What are the stuff required to do this project?
Hardware:

  1. Arduino / Arduino Clone or make your own custom Arduino board with this 
  2. Water/Liquid flow meter like : Flow meter.
  3. Connecting wires.

Software:

  1. Arduino IDE: Arduino

So how does this work?
The Arduino flow meter mentioned in the above link works on the principle of “Hall Effect”. According to which, a voltage difference is induced in a conductor transverse to the electric current and the magnetic field perpendicular to it. Here, Hall Effect is utilized in the flow meter using a small fan/propeller shaped rotor which is placed in the path of the liquid flowing.
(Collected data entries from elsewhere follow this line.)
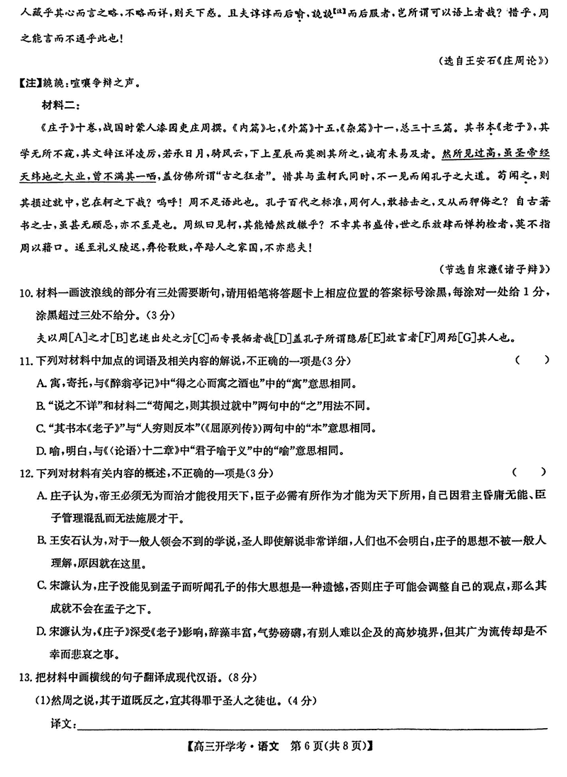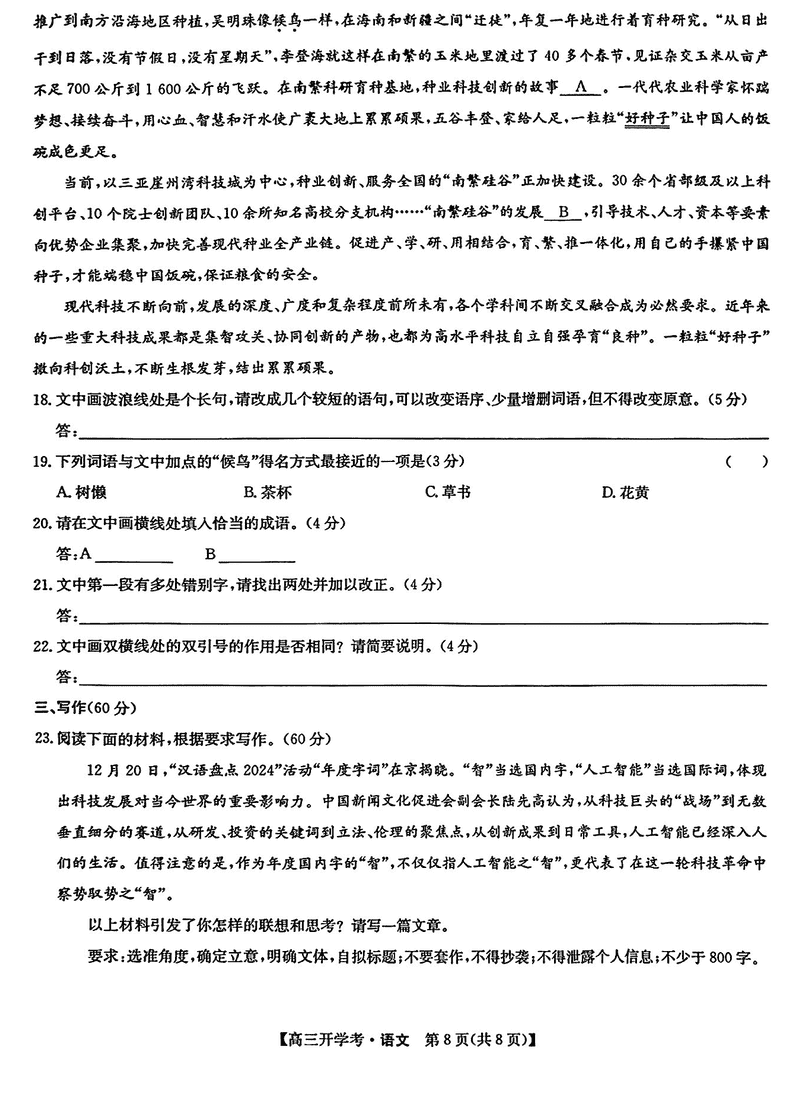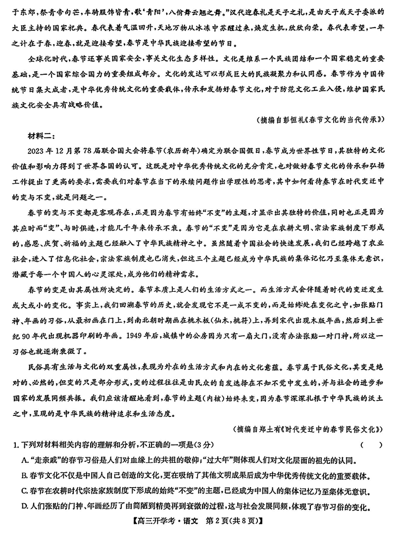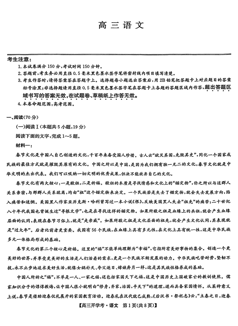 九师联盟2025年2月高三下学期开学考语文试题及答案 时间:2025-02-07 语文试题 九师联盟2025年2月高三下学期开学考语文考试已于近日开考,为方便考生考后及时查看考试情况,查漏补缺、弥补不足,本文整理了试题答案解析相关信息! 汇总:九师联盟2025年2月高三下学期开学考试题及答案汇总 语文试题及答案解析
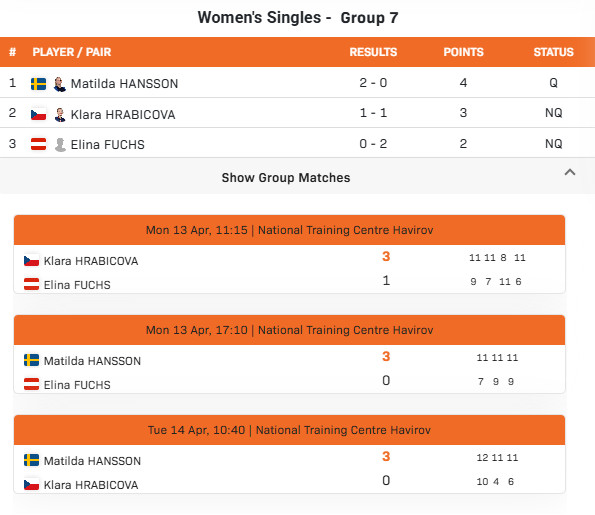 Elina Fuchs durfte erstmals bei einem WTT Feeder-Turnier der allgemeinen Klasse in Havirov (Tschechien), welches von 13.04.-17.04.2026 stattfand, teilnehmen. Spiel konnte sie leider noch keines gewinnen.
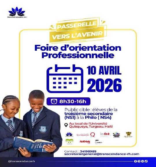 La Direction des Affaires Étudiantes et du Volontariat Social (DAÉ) de l’Université Quisqueya, en partenariat avec Transcendance RH, vous invite à participer à une journée d’orientation professionnelle destinée :

The liquid thus pushes against the fins of the rotor, causing it to rotate. The shaft of the rotor is connected to a hall effect sensor. It is an arrangement of a current flowing coil and a magnet connected to the shaft of the rotor. Thus, a voltage/pulse is induced as this rotor rotates. In this flow meter, for every litre of liquid passing through it per minute it outputs about 4.5 pulses. This is due to the changing magnetic field caused by the magnet attached to the rotor shaft, as seen in the picture below. We measure the number of pulses using an Arduino. And then calculate the flow rate in L/hr using a simple conversion formula explained in step 2.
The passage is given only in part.